How to delete lines in a file up to a certain character in python 3

94 Views Asked by At

I have a very big file that I need to parse. I don't need any of the lines up to '&'. I just need the information after the '&' in the file. How do I delete the lines before the '&'? This is what I have so far:

import re

original_file = 'file.rpt'
file_copy = 'file_copy.rpt'

with open(original_file, 'r') as rf:
    with open(file_copy, 'r+') as wf:
        for line in rf:
            #if statement to write after the '&' has been encountered?
            wf.write(line)

Input file:

sample text1
sample text2
sample text3
sample text4
&sample text5
sample text6

expected output file:
&sample text5
sample text6

In the rpt file, it has 6 lines, lines 1-4 are information that isn't needed. I want to delete lines 1-4, so I can focus on lines 5 and 6.

2

There are 2 best solutions below

0
CodeSamurai777 On

A better and safer way would be to create a new file with smaller contents so that you can check the contents before deleting the old file.

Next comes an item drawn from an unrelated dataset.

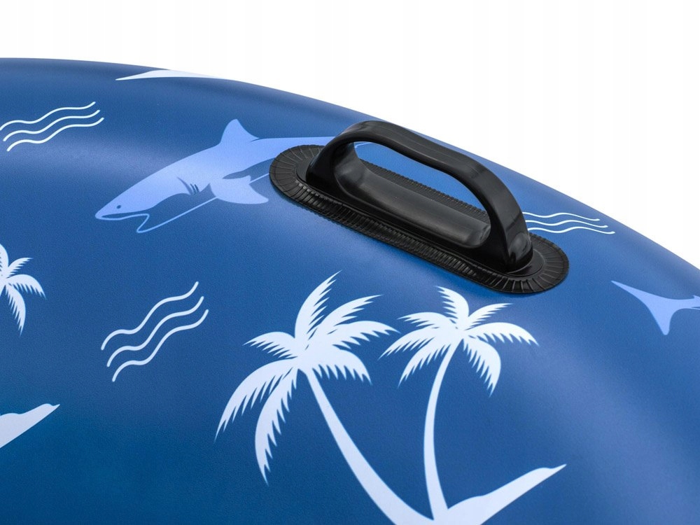 Колесо предназначено для детей от 12 лет и всех взрослых . Максимальная грузоподъемность составляет до 100 кг. Красивый морской дизайн, то есть интенсивный синий цвет с тонкими узорами пальм, волн и акул, привлечет внимание каждого любителя водных игр.

So my suggestion would look like this:


original_file = 'file.rpt'
file_copy = 'file_copy.rpt'
omit = True
with open(original_file, 'r') as rf:
    with open(file_copy, 'w') as wf:
        for line in rf:
            if "&" in line:
                omit = False
            if omit:
                continue
            else:
                wf.write(line)

This code will omit all the lines up to and excluding the line containing the &

You can also analyze the line with & symbol:

original_file = 'file.rpt'
file_copy = 'file_copy.rpt'
omit = True
with open(original_file, 'r') as rf:
    with open(file_copy, 'r+') as wf:
        for line in rf:
            if "&" in line:
                before,after = line.split("&")
                wf.write(after)
                omit = False
                continue
            if omit:
                continue
            else:
                wf.write(line)

The above will write also all the contents after & but in the same line omitting anything before & in the same line

EDIT

Also check if your opening the second file in a correct mode maybe you should use 'w' to truncate file first 'r+' will append to the contents of the file and I am not sure this is what you want

0
Mad Physicist On

You don't really need to modify your file if you just want to work with some portion of it. Using your original code, you can load the portion that you want:

def load_data(filename):
    with open(filename, 'r') as f:
        for line in f:
            if '&' in line:  # or if line.startswith('&'):
                break
        else:
            return []
        return [line] + list(f)

The function load_data will load in all the lines after the first & it encounters. You can then write the data to another file, out just process it as you choose.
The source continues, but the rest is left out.